Investing.com — BT Group (LON:BT) shares fell over 5% on Thursday, following its Q2 results that posted ongoing weakness across key revenue-generating segments.
This decline was largely due to deteriorating performance within BT’s business unit and continued competitive pressures on broadband services, which weighed heavily on the group's overall financials.
BT reported a 3.1% drop in revenue, falling to £5.086 billion— below analyst expectations of £5.217 billion.
While EBITDA saw a modest rise of 0.5%, cost-saving measures appeared to offset some of the revenue shortfalls.
The Business segment, however, posted a 6.8% drop in revenue compared to the previous quarter, mainly due to underperformance in non-UK assets and growing challenges in the corporate and public sectors.
“We are wary that competition in broadband will intensify (BT brand being retired in Consumer, introduction of One Touch Switching and low retail/wholesale pricing from altnets),” said analysts at UBS in a note.
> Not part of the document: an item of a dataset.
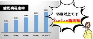 成人の8割は歯周病に感染していると言われ、やや進行した歯周病の歯(歯周ポケット4mm以上)がある人の割合は、55歳以上で50%以上の割合となっています。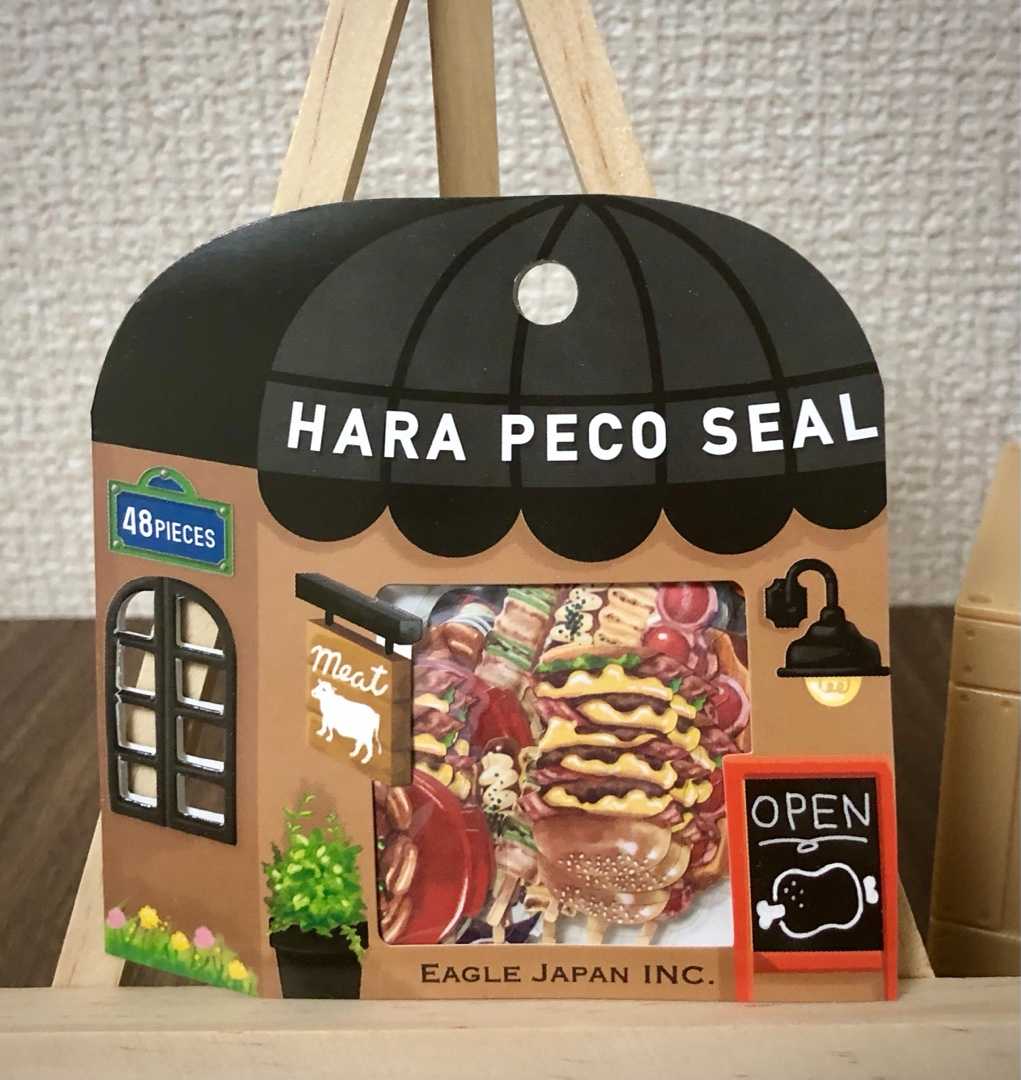 シールコレクションNo.144 はらぺこフレークシール お肉 はらぺこシリーズのフレークシール、お肉料理がテーマです♪ 黒い屋根と茶色い壁のお店型パッケージ。 裏面です。 シールのデザインは8種類。 全部で48枚入りのフレークシールです。 まずはこちらの4種類。 紅生姜の載った牛丼、焼き鳥4本。 赤い丼は豚丼かな? パック入りの高級そうな和牛も^ ^ 次はこちらの4種類。 温泉卵も載った盛り盛りローストビーフ丼、 美味しそうな照りのあるローストチキン。 チーズもたっぷり超ビッグハンバーガー! そして鉄板ハンバーグステーキ。 牛丼のシールは私の持っているミニチュアサンプルの牛丼に雰囲気そっくりでしたo(^-^)o! 大きさも揃えたように。 器は吉野家の牛丼がモチーフなのかな。丼の色合いや紅生姜の添え方もそっくりです♪ 今回も全部美味しそうなデザインのシールたちでした^ ^ 1冊所有。未使用です。

UBS flagged several challenges facing BT’s core operations, including the gradual shift of clients like Sky and TalkTalk away from BT’s Openreach network—a trend that may further strain BT’s cash flow.
UBS analysts also mentioned the risk posed by alternative network providers who offer low retail and wholesale pricing, further eroding BT’s market share.
This negative forecast led UBS to adjust its revenue guidance downward, projecting a 1–2% contraction for BT, compared to its previous expectation of slight growth.
The broader context remains challenging for BT Group, with UBS projecting ongoing competition in broadband and warning of financial headwinds if major clients continue to seek out alternative providers.